Mexico is a large country home to more than 130 million people. Of the population, roughly 44% live in poverty and about 10.4 million Mexicans endured severe food insecurity in 2018. COVID-19 worsens these issues, exacerbating concerns of food security and availability. Researchers are now studying the effects of vertical farming as new companies attempt to introduce vertical farming in Mexico.
What is Vertical Farming?
Vertical farming is a method of production in which crops are grown within stacked layers on top of one another. In contrast to traditional methods, where food grows across a singular plane such as a field, the vertical method enables fruits and vegetables to grow in more confined spaces, such as skyscrapers, multi-level warehouses and even shipping containers. In these environments, plants are exposed to artificial lighting and controlled temperatures to produce the best yield. The purpose of this method is to grow more food within smaller areas.
How Can Vertical Farms Help Mexico?
Vertical farming has gained traction in recent years because it gives people the opportunity to grow food in urban cities and areas where the population is rapidly increasing. Estimates indicate that Mexico’s population could rise to 150 million citizens by 2050, therefore, it is important to ensure that food production increases over the next several decades. While vertical farming allows growers to be closer to their consumers, it also alleviates some of the problems brought by agricultural farming. For example, Mexico loses billions of liters of water every year because of the poor irrigation of traditional farming methods. By introducing more vertical farms in Mexico, water waste in agriculture will drastically reduce.
Water reduction is not the only benefit of vertical farming as there are several negative aspects of traditional farming that indoor farming completely avoids. Introducing vertical farms in Mexico can lead to a decrease in fertilizer and pesticide use, which will reduce water, soil and air pollution. Additionally, since vertical farms are much closer to urbanized areas, there will not be as great of a need for agricultural machinery or transportation to deliver goods. This will reduce overall carbon emissions.

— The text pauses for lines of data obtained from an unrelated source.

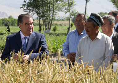 Далее Э. Рахмон посетил хозяйство Барги гул в Пенджикенте и ознакомился с достижениями его дехкан по выращиванию зерновых и картофеля.
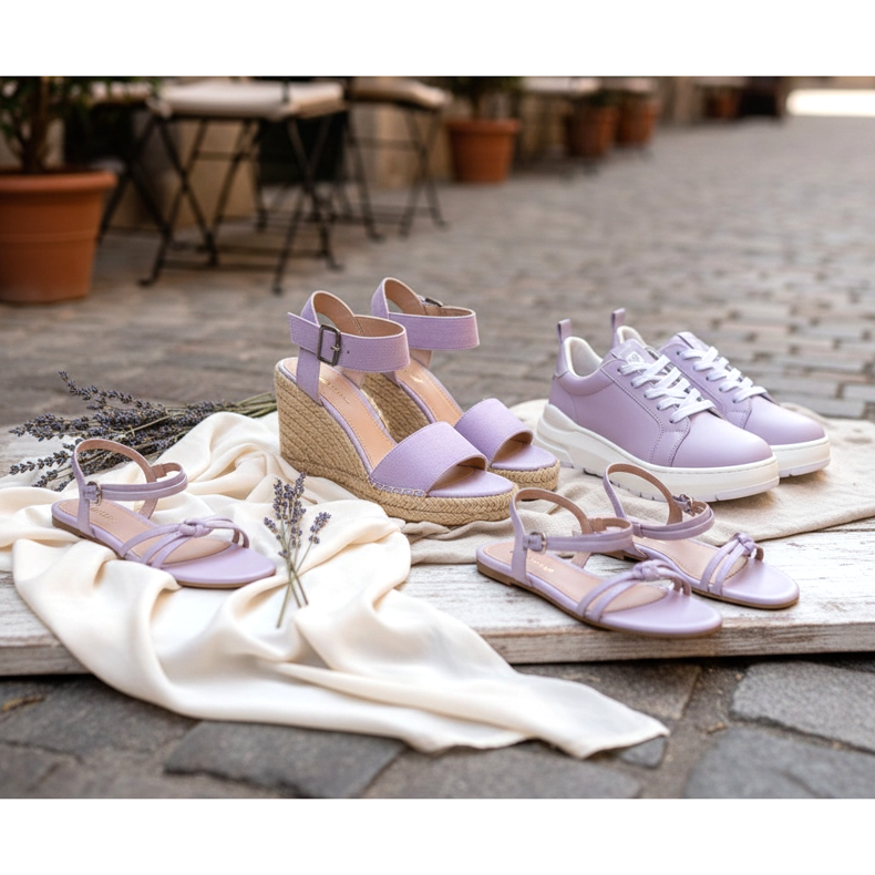 Lavanda și liliacul delicat sunt culori care, după o scurtă pauză, revin pe podiumuri cu energie nouă. In sezonul primavara/vara 2026, violetul in incaltaminte apare in cele mai delicate variante pudrate - este o culoare romantica, feminina si in acelasi timp surprinzator de universala.
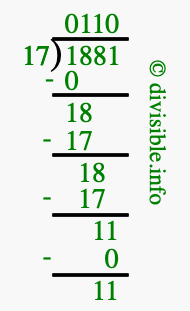 The image displays 110 at the top, which is the quotient, and 11 at the bottom, which is the remainder. Therefore, the answer to 1881 divided by 17 (1881 ÷ 17) using long division is 110 remainder 11, or simply 110 R 11.
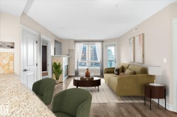 Exceptional 5th-floor unit in MERIDIAN PLAZA, offering upscale urban living in a beautifully designed building. This spacious open-concept suite features hardwood floors, 9’ ceilings, southwest-facing windows, a cozy gas fireplace, & garden door to the COVERED BALCONY. The kitchen offers granite countertops, sleek appliances, a breakfast bar, pantry, and an adjacent dining area. The primary suite includes a 3pc ensuite, plenty of storage, and a generous walk-in closet. The second bedroom, situated on the opposite side for enhanced privacy, also features a walk-in closet, balcony access, and is conveniently located next to the main 4pc bath. Enjoy in-suite laundry with extra storage, plus TITLED UNDERGROUND PARKING. Additional AMENITIES of this luxurious complex include a gorgeous Mediterranean themed atrium, fitness room, bike storage, mixer/event room with a full kitchen, & elegant owner’s lounge. Terrific location 1 block from Jasper ave & close to restaurants, shopping, transit, and the Ice District.
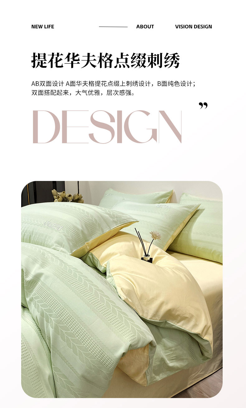 全棉华夫格提花四件套纯棉刺绣床上用品 麦穗-浅绿

In Mexico, 34% of food produced through agricultural farming never reaches the consumer because of problems that occur during production, processing, storing and transporting. Implementing more vertical farms in Mexico can help address this problem by reducing the need for agricultural farming. Additionally, vertical systems can create job opportunities for many people, leading to profitable activities that can positively impact the nation’s economy. Overall, vertical farming can improve the quality of life for many Mexicans by giving them access to locally produced fresh food.
What are the Downsides?
Although vertical farming has a lot of potential in Mexico, it is not without drawbacks and cannot fully replace agricultural farming. This is because indoor farming technology is limited to producing specific fruits and vegetables, primarily leafy greens. While one might be able to produce lettuce, kale and different types of herbs, there are several plants that cannot grow under the artificial conditions that vertical farms create. Potatoes, corn and other root vegetables, for example, rely on traditional agricultural farming.
Limited variety is not the only issue that vertical farming presents. Because vertical farms consume so much energy and electricity, setting them up can cost millions of dollars. In urbanized areas, starting up indoor farms can be more expensive, making marginal profits lower and leading to fewer people who want to invest. Another issue with indoor farming is that it relies too heavily on technology. One day without power or LED lighting can be absolutely devastating and result in the loss of thousands of plants. Despite this, companies are starting to open up vertical farms in Mexico, with some expanding dramatically during the COVID-19 pandemic.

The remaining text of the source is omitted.